Other offerings will include dog adoptions, a kayak giveaway and a daylong pickleball demonstration by the Lake County Tennis Club.
At noon there will be a talk by Nick Buettner, vice president of community engagement and producer of Blue Zones Expeditions. He is the brother of Dan Buettner, author of “The Blue Zones” and “The Blue Zones Solution.”
That will be followed by the inaugural Hope in the Park Concert featuring the music of Unity Voices, which will take place from 3 to 5 p.m. at the park’s band stage.
Gill said the event is meant to introduce the Blue Zones to Lake County. The goal is that visitors to the festival leave with the feeling that “the healthy choice can be the easy choice.”
“We have been in our foundation and planning phase for Blue Zones since October when the team came on board,” said Gill.
She said the steering committee and leadership team have almost completed their blueprint, or strategic plan, which will direct the project’s first year of activity. “We’re very much still in an exploration stage.”
The group also is working to decide on its marquee project, which will be unveiled early in the four-year initial project.

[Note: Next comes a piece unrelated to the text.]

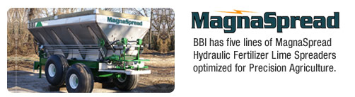 Our MagnaSpread 12' Tandem Axle Hydraulic Spreader is perfect for Fertilizer or Lime Applications - Distribution of Granular Fertilizer or Lime - BBI Binary Manifold Equipped - Option Rich - Customized for your specific application - Precision Fertilizer, Lime and Organics Spreader - Medium Capacity - Variety of Applications - PTO or Hydraulic Powered Driven Spinners - Spreads Fertilizer in 80' PLUS swaths!

“This is a huge undertaking,” said Gill.
Part of the work involves studying what work is already being done to improve Lake County’s health outcomes — some of the worst in the state — and offer support to elevate those efforts, Gill said.
Gill said the strategic plan has goals and objectives that will be signed off on the steering committee on things we will focus on for the next four years. “Obviously, we can’t focus on everything,” she said, noting the many great ideas coming their way.
“The goal is at the end of four years, we will become a certified Blue Zone Project Community,” Gill said.
They will have to meet certain goals to do that, one of which is encouraging organizations, worksites and schools to register with them if they want to become Blue Zones approved.
So far, they have more than 10 such organizations, including Foods, Etc. in Clearlake, which has signed up to be the first Blue Zones approved grocery store in Lake County.
Another early adopter is the Lake County Library, which set up a walking moai, a group of friends that walks and talks together, Gill said. Moais gather in Lakeport at 8:30 a.m. on Thursdays and 10 a.m. on Saturdays in Middletown.
Gill said another group that also is actively participating is the Kelseyville Sunrise Rotary, which is working stretching and other healthy practices into its meetings.
Blue Zones can be tailored to meet the needs of the community, Gill said.
She said the Blue Zones format offers a model, and there are 70 such projects now at work across the nation. There are six within Adventist Health’s footprint. Gill said a community comparable to Lake County is Corry, Pennsylvania, a rural area in the northwestern part of that state.
“We do have so many great things happening in our community,” she added.